Start with what I'm calling 'Layer 0'
json_normalize(data)
output:
teams
0 [{'teamname': '1', 'members': [{'firstname': '...
There is 1 Column and 1 Row. Everything is inside the 'team' column.
Look into what I'm calling 'Layer 1' by using record_path=
json_normalize(data,record_path='teams')
output:
members teamname
0 [{'firstname': 'John', 'lastname': 'Doe', 'org... 1
1 [{'firstname': 'Mickey', 'lastname': 'Moose', ... 2
In Layer 1 we have have flattened 'teamname' but there is more inside 'members'.
Look into Layer 2 with record_path=. The notation is unintuitive at first. I now remember it by ['layer','deeperlayer'] where the result is layer.deeperlayer.

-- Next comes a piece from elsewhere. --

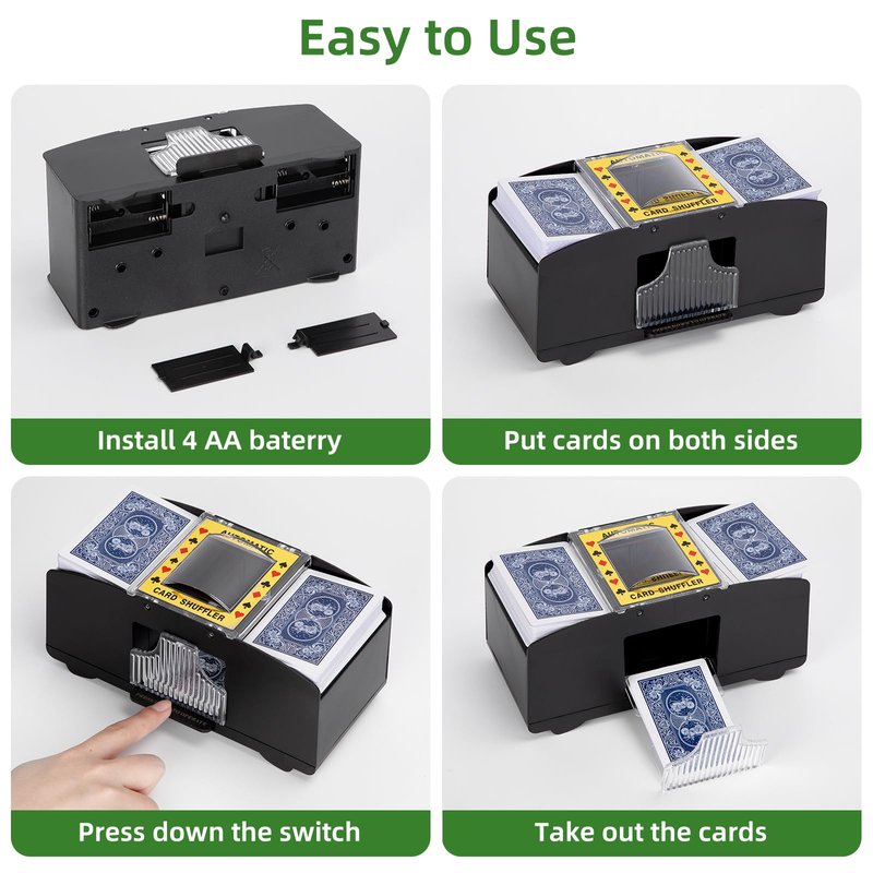 - 【Automatic & Electric Battery Operated】 Yuccen automatic card shuffler is powered by 4 AA batteries(Not Included).Battery powered,shuffle fast,only takes seconds to shuffle up 1-2 decks,easy for both elderly,young people,children to use.Our card shuffler can free your hands and save your time,more time to have fun of playing card games

json_normalize(data,record_path=['teams','members'])
output:
email firstname lastname mobile orgname phone
0 [email protected] John Doe Anon 916-555-1234
1 [email protected] Jane Doe 916-555-7890 Anon 916-555-4321
2 [email protected] Mickey Moose 916-555-1111 Moosers 916-555-0000
3 [email protected] Minny Moose Moosers 916-555-2222
Excuse my output, I don't know how to make tables in a response.
Finally we add in Layer 1 columns using meta=
json_normalize(data,record_path=['teams','members'],meta=[['teams','teamname']])
output:
email firstname lastname mobile orgname phone teams.teamname
0 [email protected] John Doe Anon 916-555-1234 1
1 [email protected] Jane Doe 916-555-7890 Anon 916-555-4321 1
2 [email protected] Mickey Moose 916-555-1111 Moosers 916-555-0000 2
3 [email protected] Minny Moose Moosers 916-555-2222 2
Notice how we needed a list of lists for meta=[[]] to reference Layer 1. If there was a column we want from Layer 0 and Layer 1 we could do this:
json_normalize(data,record_path=['layer1','layer2'],meta=['layer0',['layer0','layer1']])
The result of the json_normalize is a pandas dataframe.